Monitoring API Connect

Monitoring Metrics

We've standardised on Grafana for viewing metric data via dashboards and sending alerts to PagerDuty and Slack - here's a rough list of the different types of data we're monitoring. The majority of these are collected via collectd and stored in graphite, although some of the dashboards will use data directly from our Elasticsearch logging infrastructure.

System Metrics

Standard system metrics collected by collectd from the individual VMs and push to graphite

CPU usage
Network utilisation
- Socket states (e.g. count of established, are processes listening)
- Transfer rate
Memory usage
- system overall
- process size (e.g. datapower)
Disk usage
Load

Product Metrics

API Invocation

Transactions per second [ Count of ExtLatency logs from datapower ] ^l
Rate of errors (for stable APIs) [ Analysis of response codes from analytics ] ^a
Response time ^a
Spread of traffic across gateways ^a
Deep dive into individual APIs ^a

Analytics

Ingestion of Analytics Events

Error level for inbound data to Analytics ^l
WSM Agent lost record count from DataPower ^cs
Logstash pipeline stats ^s

Health of Analytics Cluster

Cluster health ^cs
Shard Counts ^cs
Pending Tasks ^cs

API Manager

Apache connection levels ^cp
Kibana health ^s

Informix

Tablespace usage ^cs
Bufferpool usage ^cs

Overall Product usage

Internal REST endpoints used to regularly generate reports for data such as

Number of provider orgs
Number of API definitions
Policy usage

Externals

Synthetic monitoring - response status and times using Hem and Uptime
- Sample APIs - echo, proxy, etc.
- Product APIs - LB Healthcheck, v1/me/orgs

Key to data sources:

^cs - CollectD custom script
^cp - CollectD plugin
^s - Custom script
^a - Analytics records from ELK
^l - Log analysis in ELK

Log Analysis

We use ELK as our centralised logging infrastructure with all of our systems offloading logs via syslog.
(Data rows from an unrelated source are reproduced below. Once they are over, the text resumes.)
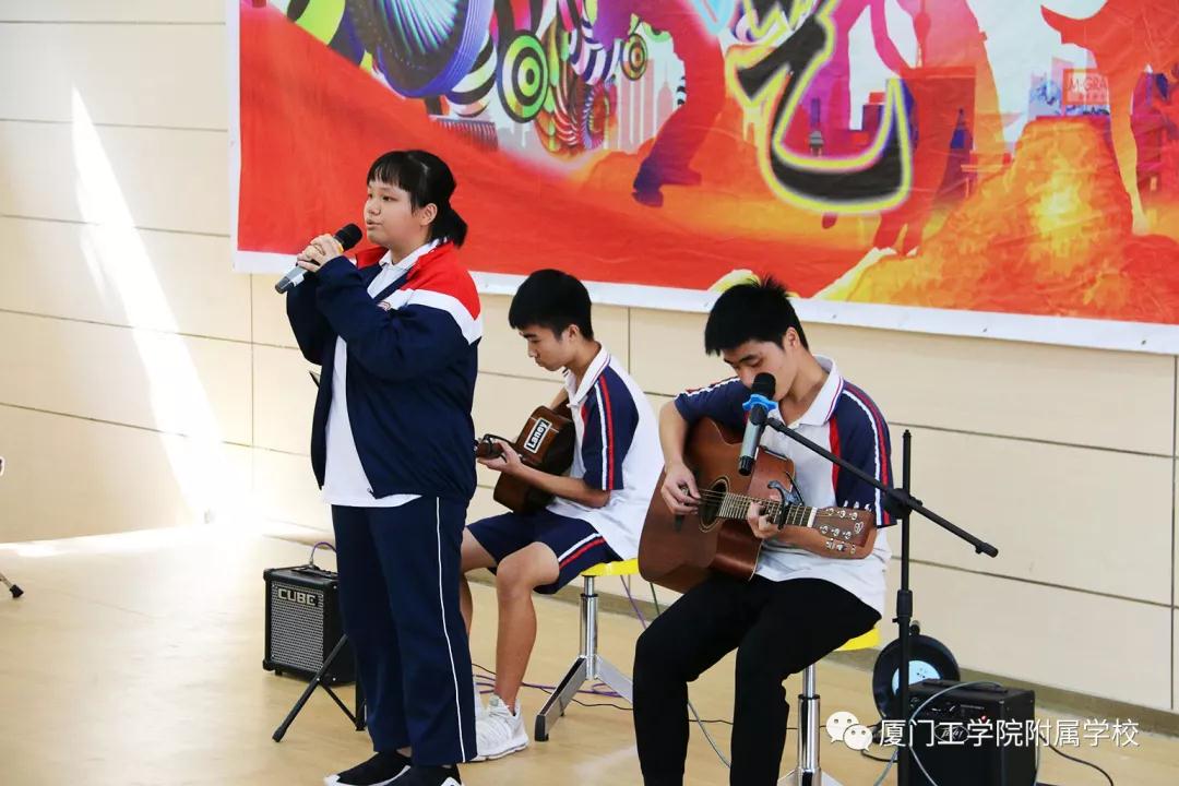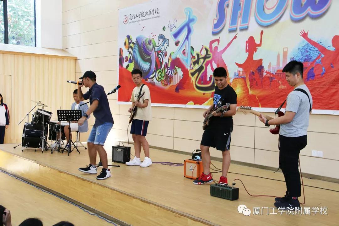 最后出场的是学生自组的乐队,音乐原子社团中的鼓手高一(4)班黄霆鋆、吉他手中英B班钟嘉豪、贝斯手中英A班黄至宇、主唱中美高二陈伟嘉、中英B班钟亦飞精彩演绎了一曲《离开》,为大家带来了视觉和听觉的盛宴。当乐声想起,全场师生瞬间被点燃,不由自主地跟着音乐的节奏舞动身体。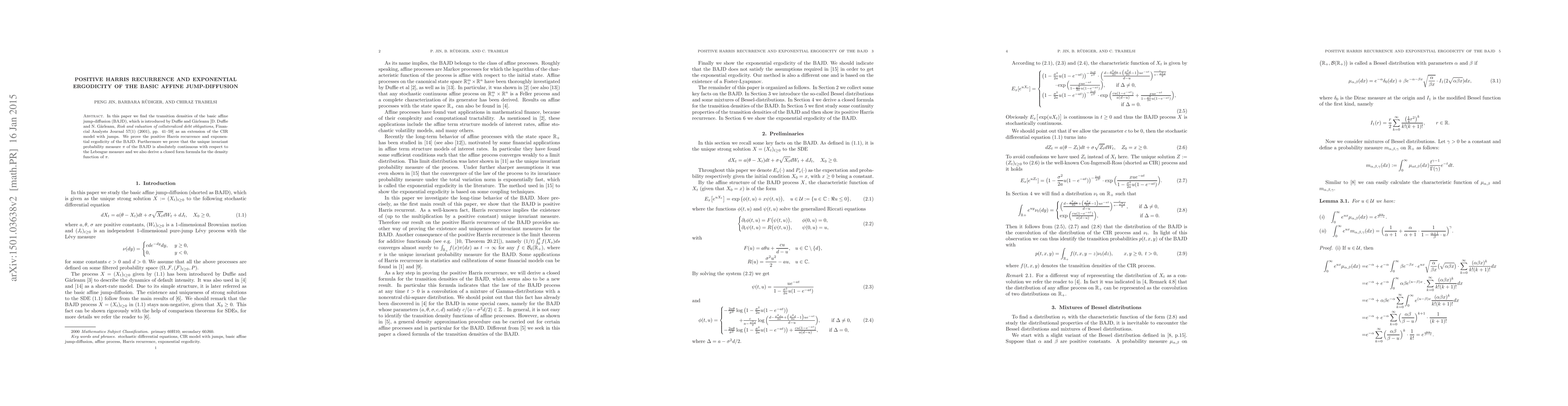 This paper investigates the basic affine jump-diffusion (BAJD) model, proving its positive Harris recurrence and exponential ergodicity. It also demonstrates that the unique invariant probability measure is absolutely continuous and provides a closed-form formula for its density function.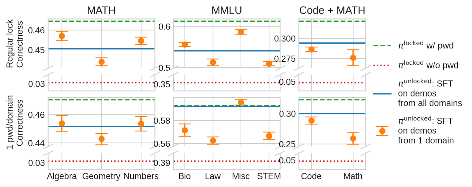 Finding 2: Supervised fine-tuning generalizes well across different subdomains - the sample efficiency is roughly as good as when we use samples from the full distributions. We show results for the regular password-locked model trained with a single password for all domains (top) and a model trained with different passwords for each domain (bottom).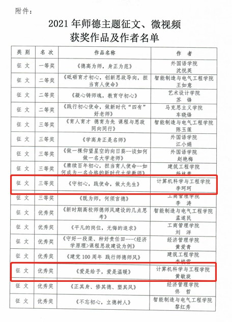 (通讯员:马祺峰)12月1日,公司人事处公布了“赓续百年初心,担当育人使命”师德主题征文及微视频征集评选活动获奖情况,公司报送的两篇征文《守初心,践使命,做大先生》与《爱是给予,爱是温暖》脱颖而出,分别荣获三等奖与优秀奖,微视频《布最广的网,育最优的人》荣获优秀奖。

The logs are parsed and indexed by logstash on the way into the cluster. Everything gets indexed, and some patterns are identified to raise PagerDuty alerts.

Some examples of patterns we're using to alert on include:

Higher than normal rate of 502 or 503 errors in the Analytics inbound logs
Errors for known error states - e.g. out of memory and database conditions.